- Italian theatrical release poster by Enzo Sciotti
- Directed by: Sergio Martino
- Written by: Lino Banfi, Sergio Martino, Luciano Martino, Pier Francesco Pingitore, Romolo Guerrieri
- Produced by: Cecilia Bigazzi
- Starring: Lino Banfi
- Cinematography: Federico Zanni
- Edited by: Eugenio Alabiso
- Music by: Guido & Maurizio De Angelis
- Release date: 1984;
- Running time: 96 minutes
- Country: Italy
- Language: Italian

= L'allenatore nel pallone =

L'allenatore nel pallone (also known as Trainer on the Beach) is a 1984 Italian comedy film directed by Sergio Martino. The title means literally The coach in the ball (were the word pallone means both ball and soccer/football), a pun on the Italian idiom "to go in the ball" which means "to get confused" or "to lose one's mind". The film was a box office success and achieved a large cult status in Italy, mainly thanks to the many cameo appearances by soccer players, coaches and journalists. The film had a sequel in 2008, L'allenatore nel pallone 2.

== Plot summary ==
Oronzo Canà, a manager with a far from good résumé, is hired as the coach of a small football team in northern Italy, called "Lombard" ("Longobarda"), which have secured a spot in the prestigious Serie A.
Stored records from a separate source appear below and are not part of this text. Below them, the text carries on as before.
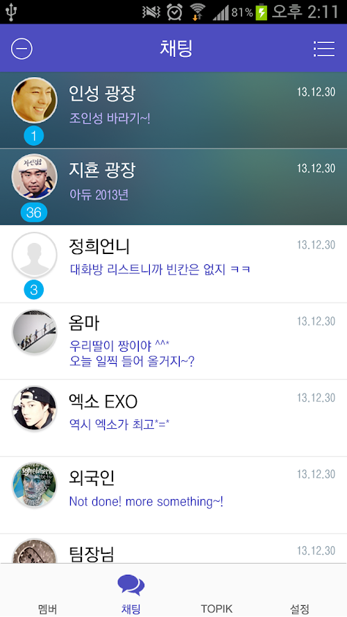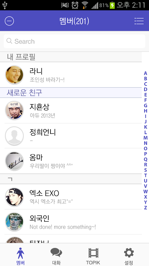 대화 중 다른 대화상대를 검색하거나 그룹별로 초대하여 그룹채팅이 가능하고,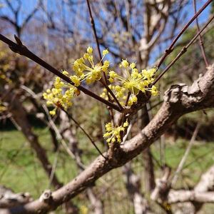 不思議な咲き方をしていたので📷パシャ "サンシュユ(山茱萸)"というらしい。 しかも、🌿薬用植物🌿!😳 季語は"春" というわけで、ここで1首。 "冬越えて 今だに見えぬ コロナ下 サンシュユ見ては 光を見る" こんなん作ってみました。 どうでしょうか😅 そういえば、この一角の所々に、笹の葉を見るのですが、この植物も元はアジアの物。この一角をアジア風にしたかったのかな🤔 この公園、コロナ前にリニューアルする話が出てたけど、どうなったのだろうか。。 学名:Cornus officinalis Sieb. et Zucc. ミズキ目ミズキ科の落葉小高木。 中国原産 別名でハルコガネバナ、アキサンゴ、ヤマグミ (Asiatische Kornelkirsche) 江戸時代に朝鮮経由で漢種の種子が日本に持ち込まれ、薬用植物として栽培されるようになったようです。 効能:滋養強壮、収斂(しゅうれん)、止血、鎮痙(ちんれん)、鎮静、抗アレルギー、利尿など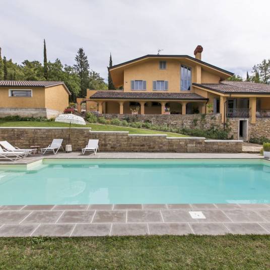 Prestigieuze moderne villa te koop op enkele kilometers van Arezzo, vlakbij een klein stadje met alle voorzieningen.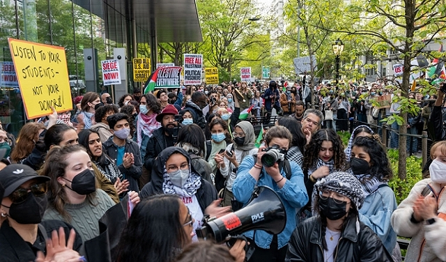 وفي 18 أبريل/ نيسان، بدأ طلّاب وأكاديميّون رافضون للحرب على غزّة، اعتصامًا بحرم جامعة كولومبيا في نيويورك الأمريكيّة، مطالبين إدارتها بوقف تعاونها الأكاديميّ مع الجامعات الإسرائيليّة وسحب استثماراتها في شركات تدعم احتلال الأراضي الفلسطينيّة.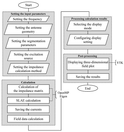 To do this, and based on the wire-grid approximation and the MoM, a program module was developed using C++ programming language with OpenMP, VTK, and Eigen libraries and the QT cross-platform software (Figure 5). This module (further on referred to as the wire-grid) is used to calculate all the obtained results in this work. Moreover, the Octave mathematical package was used to estimate the software implementation of the analytical models used later in this work to validate the results obtained using the wire-grid.
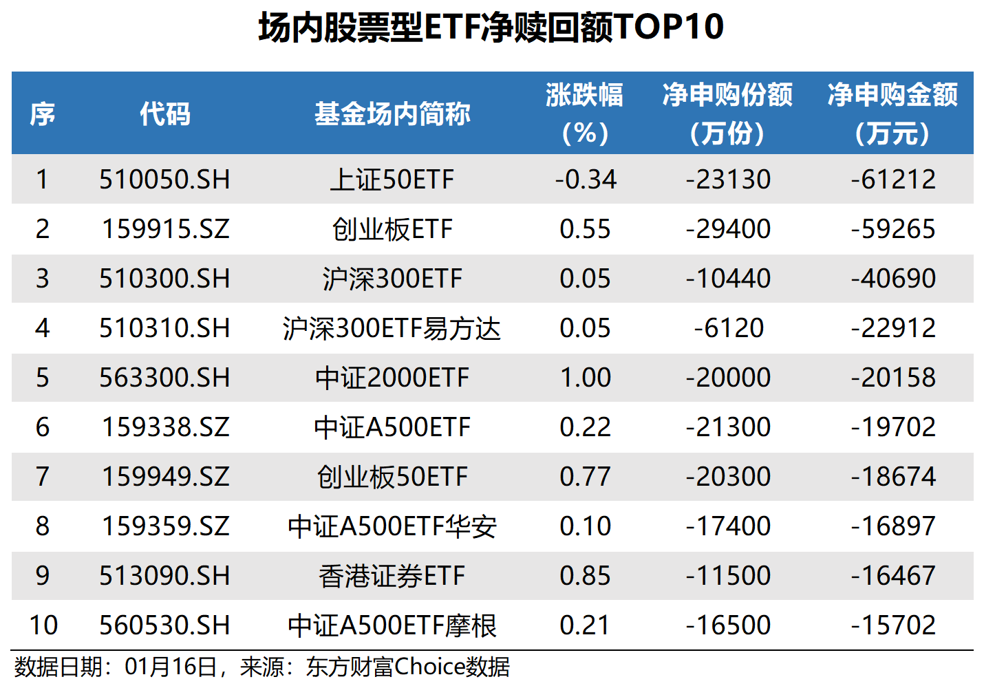 数据还显示,昨日净赎回金额最多的场内股票型ETF为上证50ETF,赎回金额6.12亿元;创业板ETF紧随其后,赎回金额5.93亿元。

The decision is met with justified skepticism by the media, who mercilessly make fun of Canà after a run of poor results, including a 5–1 defeat against Roma and a 7–0 defeat against Milan.
Oronzo is still optimistic about his chances, but it soon turns out the club's owner isn't willing to invest money to strengthen the team, as his plan is to get relegated to Serie B right away and he felt Canà was the ideal fall guy.
Poor Oronzo is upset, but not ready to give up. He goes to Brazil with a friend of him (Andrea Roncato), a notorious swindler who passes himself as a talent scout/agent, in search of a good player. After having been promised some well-known Brazilian stars, Oronzo has to settle for Aristoteles, a young unknown they found playing on a dusty pitch for a minor team, and he takes him to Italy.

The young guy soon begins to show his great talent and Longobarda suddenly have a chance to actually avoid relegation. However his teammates, who are in cahoots with the owner, are hostile toward Aristoteles. Just before the final matchday, the chairman issues an ultimatum to Oronzo: "don't play Aristoteles, lose the final game of the season against Atalanta and get the team relegated to secure yourself a fat contract for next season".
Canà is torn, but accepts the offer. Late in the game, however, encouraged by his daughter (whose love has helped Aristoteles to win saudade and to establish himself as a lethal forward), Oronzo takes off one of the corrupt players for his striker. With only minutes to go, Aristoteles scores twice to give Longobarda a decisive win to survive.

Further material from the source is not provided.